Many many different A-body rear seats over the years and body styles
https://www.gtoforum.com/f12/rear-seat-upholstery-129178/



> 2) How do you tell if the springs of your seat are shot? My seats are complete but the frame/springs (I call them springs) are rusty and I'd hate to spend good $$ to recover the metal frame/springs if they're going to sag after everything is done. How do you tell if the seat frame/springs is good enough to keep?
> 
> Thanks,
> 
> Shooter


If the frames are showing surface rust, and the covers are in relatively nice shape, carefully cut all the hog rings and carefully slip the covers off 
# Once upholstery is removed, you can examine the condition of the seat frames. Many times I've initially carefully touched a rotary wire brush to the rods or stamped pieces of a steel seat frame to note how bas the framework os. When the steel rods are seriously degraded from rust and it's limited to a relatively isolated area, a decision has to be made. Careful replacement of the section of steel rods, or the decision to replace the entire seat frame asm. Having hauled in and processed literally hundreds of parts car, many times it has just been a matter of pulling out of storage area another lower or rear seat frame. On near impossible to find rear seat frames, have spent considerable time on seat frame repairs. 

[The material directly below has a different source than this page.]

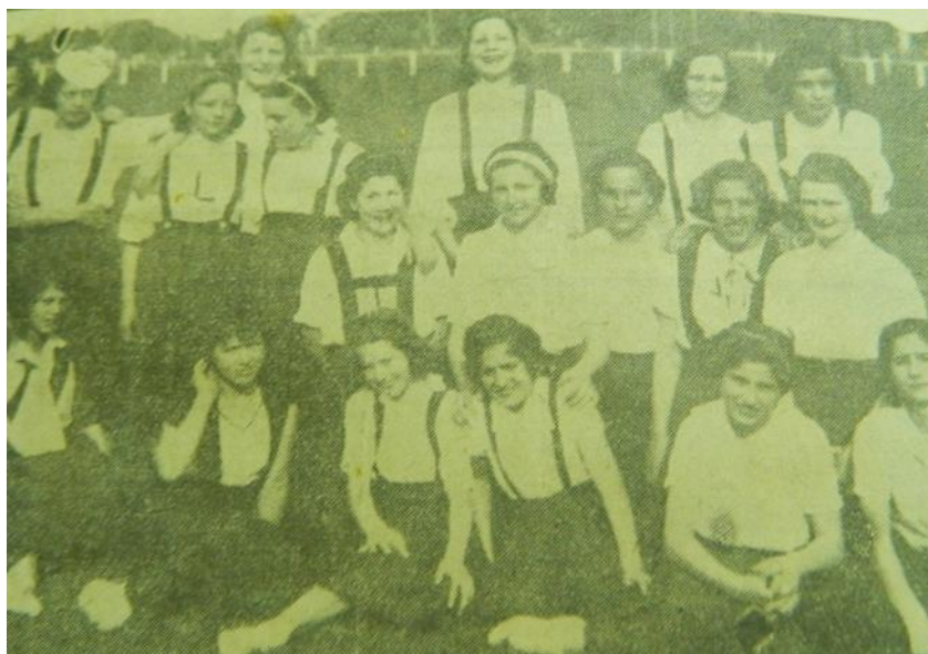
Ilustración 5. Alumnas del Colegio Secundario de Señoritas en encuentro de pelota al cesto.

En relación, justamente, a la administración y vigilancia de los cuerpos femeninos, en el informe de 1934, Rodríguez Jurado explica, sobre la indumentaria y la presencia, que “las alumnas deben ir a las clases con la cabeza descubierta, sin medias, calzadas con sandalias o zapatos sin tacos y flexibles; su ropa debe ser la usual de gimnasia” (BENIGNO RODRÍGUEZ JURADO, 1934, p. 15). Aquí se presentan elementos referentes a reglas de apariencia o regímenes de apariencia. Para los varones, simplemente aclara que deben acudir a las clases “provistos de un uniforme adecuado para la práctica de los ejercicios [y que] observan las reglas de higiene indispensables” (RODRÍGUEZ JURADO, 1935, p. 200). Esa justificación a partir del discurso higiénico del uso de uniformes diferenciados para las clases de gimnasia, presentaría razones morales vinculadas a la construcción de un universo diferenciado para varones y mujeres, respectivamente. Desde la lectura de la teoría queer, podemos ver cómo “la materialidad del cuerpo no permanece independiente de los discursos sociales” (MARTÍNEZ, 2015, p. 326). En palabras de Butler (2018, p. 18), “las normas reguladoras del «sexo» obran de una manera performativa para construir la materialidad de los cuerpos y, más específicamente, para materializar el sexo del cuerpo”.

# On 3 of my Pontiacs, all were factory equipped with lightweight vinyl and fabric bench seats, and in order to confirm correct dimensions of the fabric and vinyl and I've had to take multiple dozens of pictures with measurements noting all the details of the pattern. In the case of those bench seats, all the measurements had to be taken before the seat covers were removed from the frames.


----------